In order to further illustrate the invention, the following examples of embodiments of a device according to the invention for detecting and counting shots fired by an automatic or semi-automatic fire arm are described hereafter by way of example only and without being limitative in any way, with reference to the accompanying drawings, in which:

FIG. 1 schematically represents a device according to the invention for detecting and counting shots fired by an automatic or semi-automatic fire arm;

FIG. 2 represents the diagram of the signal of an accelerometer of the device in FIG. 1, as a function of time while firing;

FIGS. 3 and 4 are diagrams similar to those in FIG. 2;

FIGS. 5 to 12 are all variants of a device according to the invention.

FIG. 1 shows an example of a device 1 according to the invention.
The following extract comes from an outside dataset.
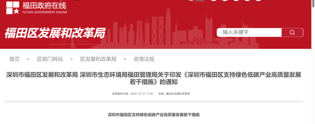 近期,深圳市福田区发展和改革局、深圳市生态环境局福田管理局印发《深圳市福田区支持绿色低碳产业高质量发展若干措施》的通知,通知中提出: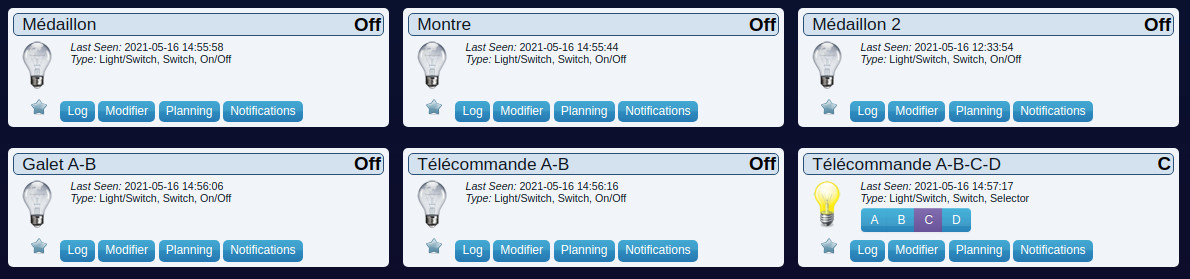 Voici les essais réalisés dans Domoticz, le Médaillon, le Médaillon 2 et la Montre n’ont qu’un seul bouton qui enverra ON à chaque pression; le Galet A-B et la Télécommande A-B envoient ON lors d’un appui sur A et OFF pour un appui sur B et la Télécommande A-B-C-D pilote un switch selector avec 4 valeurs. C’est moi qui choisit le mode de fonctionnement et qui indique les règles.

The device 1 is a ‘black box’ so to say, designed to be mounted on or to be integrated in a fire arm and it is formed of:

• • an accelerometer 2, preferably with a single axis, positioned such that the axis of detection (X-X′) is parallel to the axis (Y-Y′) of the barrel when the device 1 is fixed on or in the fire arm;
  • a microprocessor 3 whose program comprises an algorithm to discern and register a shot being fired;
  • a memory 4 in which the information is stored, the memory 4 being preferably a permanent memory which stays operational even in case of a power supply interruption and which can be integrated in the microprocessor 3 and which may possibly contain the identification number of the fire arm in a permanent and ineffaceable manner, which guarantees the traceability of the latter;
  • a communication interface 5, preferably without any contacts, for example of the radio type (Bluetooth or ZigBee for example) or infrared type, or of the RFID type; of course it may be bidirectional and it allows to register external data in the memory 4, regarding for example maintenance operations carried out on the fire arm;
  • an energy source 6, for example a dry cell or a rechargeable battery.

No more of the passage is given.